Nutrients and warming interact to force mountain lakes into unprecedented ecological state

While deposition of reactive nitrogen (N) in the 20th century has been strongly linked to changes in diatom assemblages in high-elevation lakes, pronounced and contemporaneous changes in other algal groups suggest additional drivers. We explored the origin and magnitude of changes in two mountain lakes from the end of the Little Ice Age at ca. 1850, to ca. 2010, using lake sediments. We found dramatic changes in algal community abundance and composition. While diatoms remain the most abundant photosynthetic organisms, concentrations of diatom pigments decreased while pigments representing chlorophytes increased 200-300% since ca. 1950 and total algal biomass more than doubled. Some algal changes began ca. 1900, but shifts in most sedimentary proxies accelerated ca. 1950 commensurate with many human-caused changes to the Earth system. In addition to N deposition, aeolian dust deposition may have contributed phosphorus.

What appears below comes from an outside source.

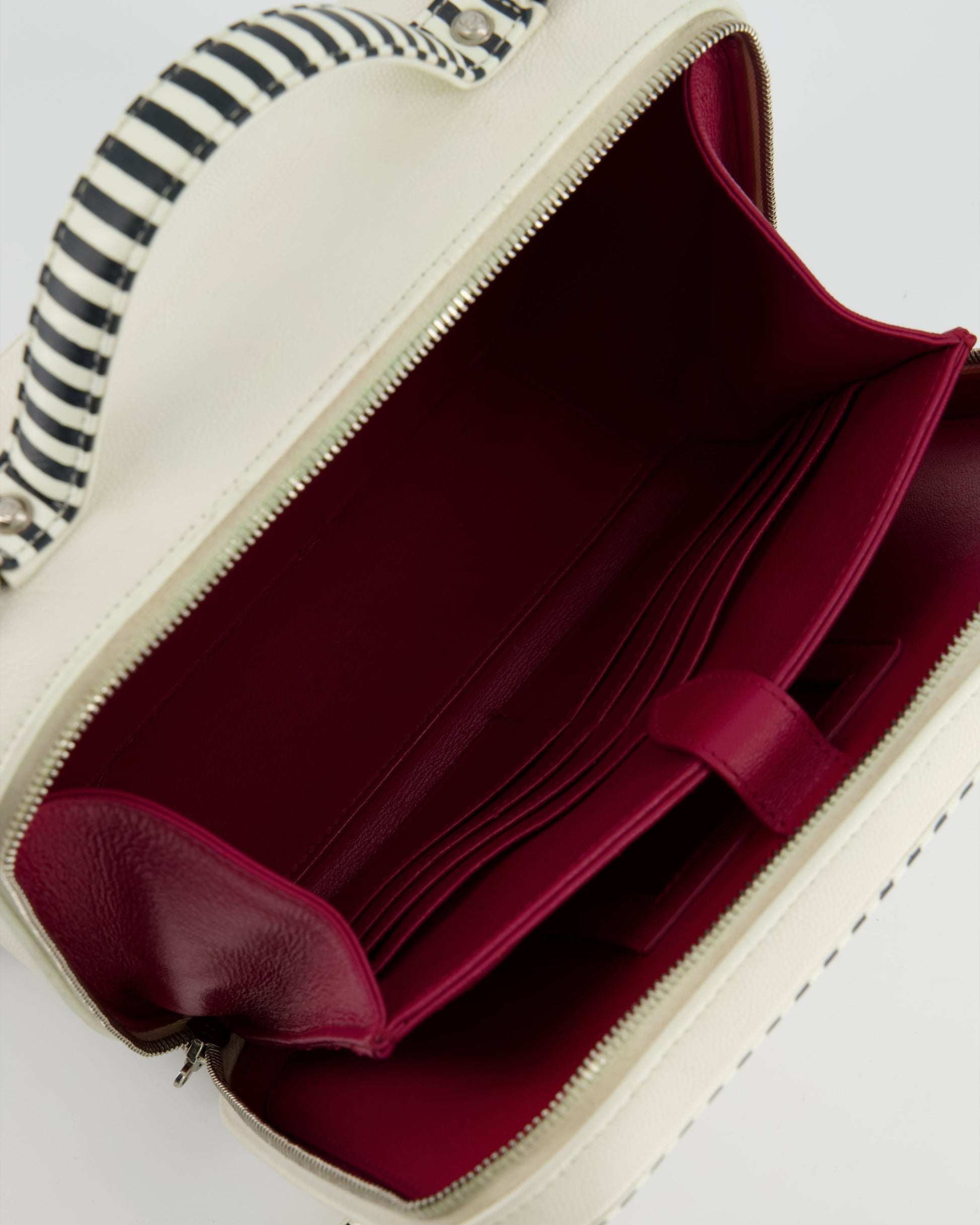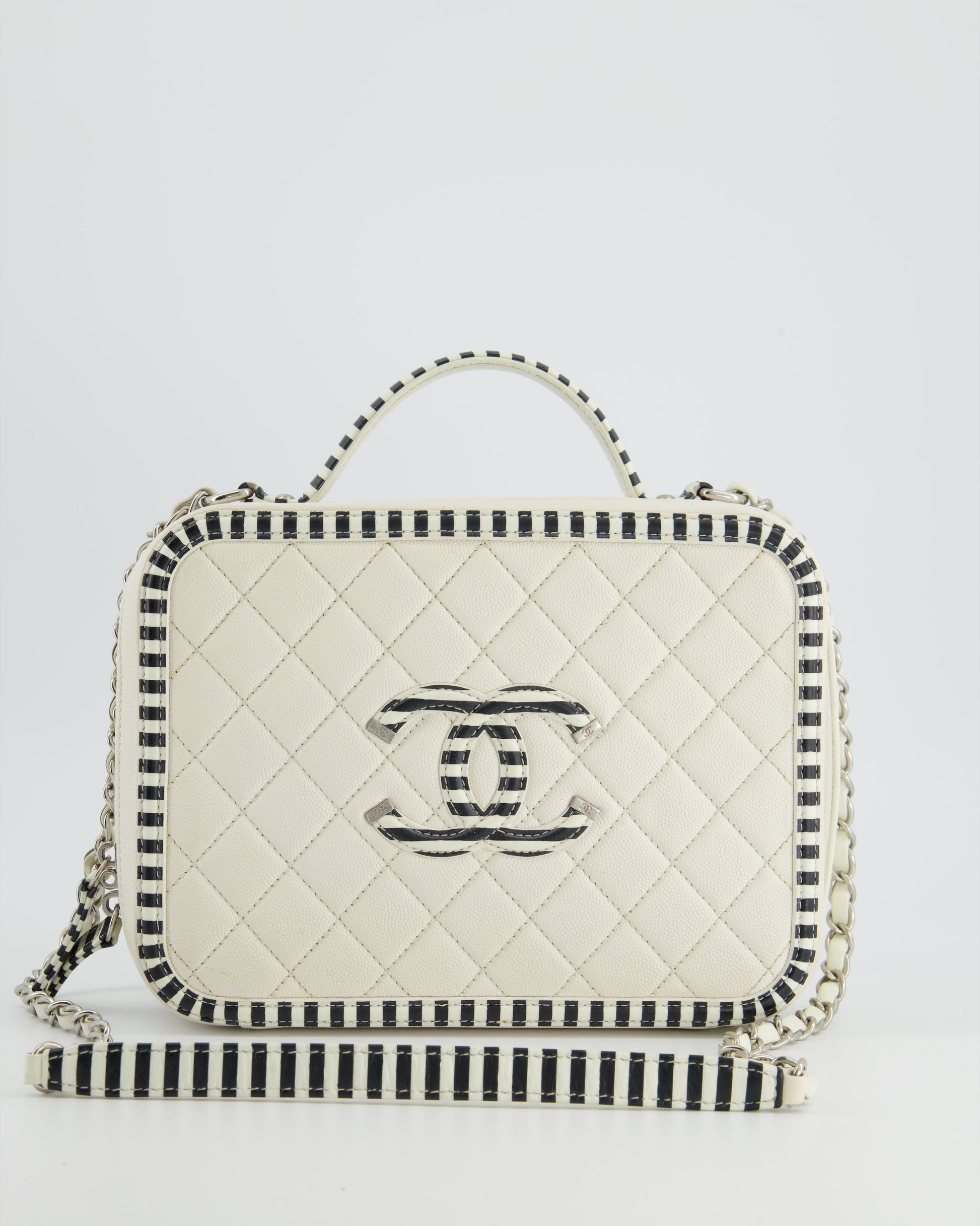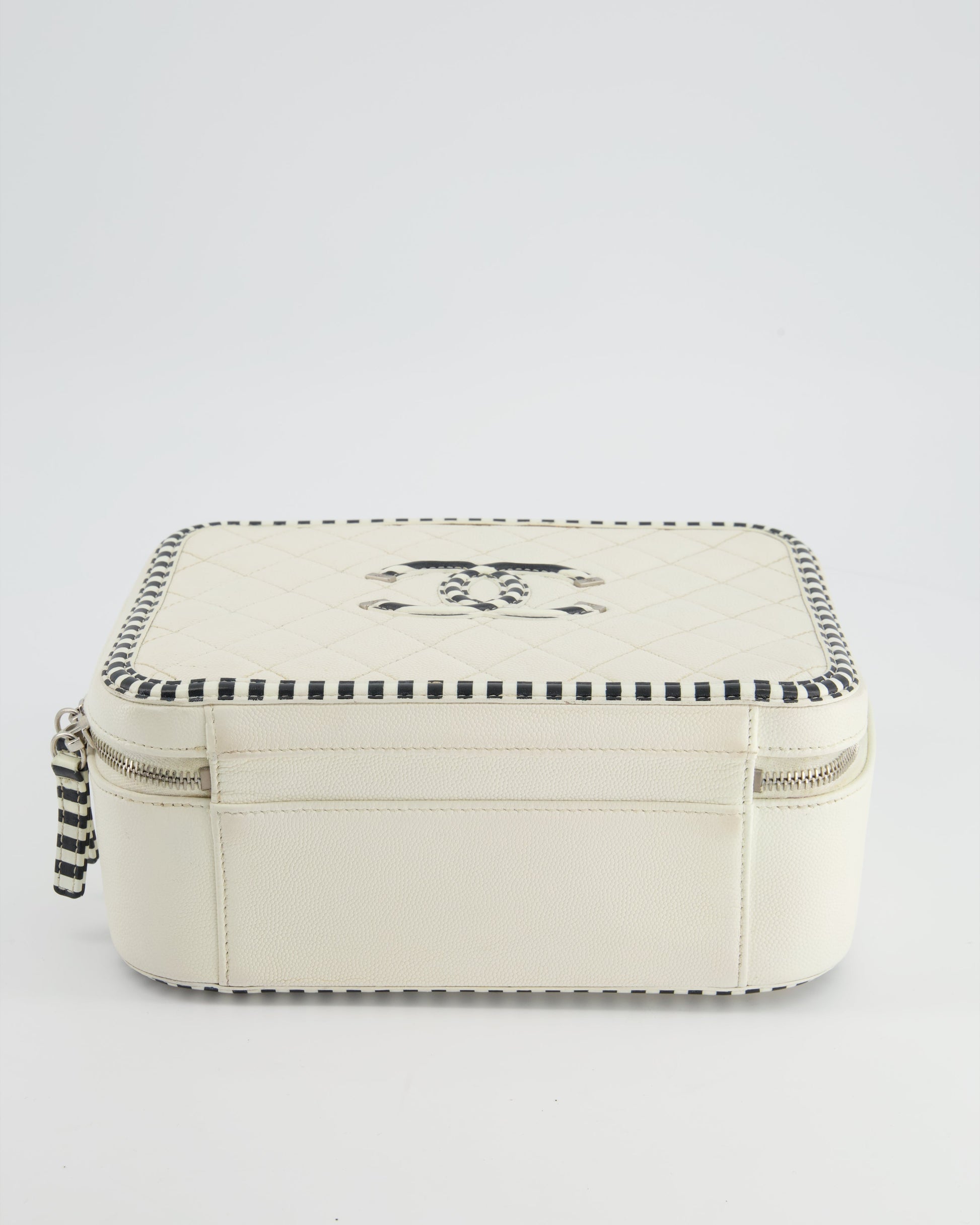 *HOT* Chanel White Caviar Vanity Case with Zebra Motif CC Logo and Silver Hardware

Strong increases in summer air and surface water temperatures since 1983 have direct and indirect consequences for high elevation ecosystems. Such warming could have directly enhanced nutrient use and primary production. Indirect consequences of warming include enhanced leaching of nutrients from geologic and cryosphere sources, particularly as glaciers ablate. While we infer causal mechanisms, changes in primary producer communities appear to be without historical precedent and are commensurate with the post-1950 acceleration of global change.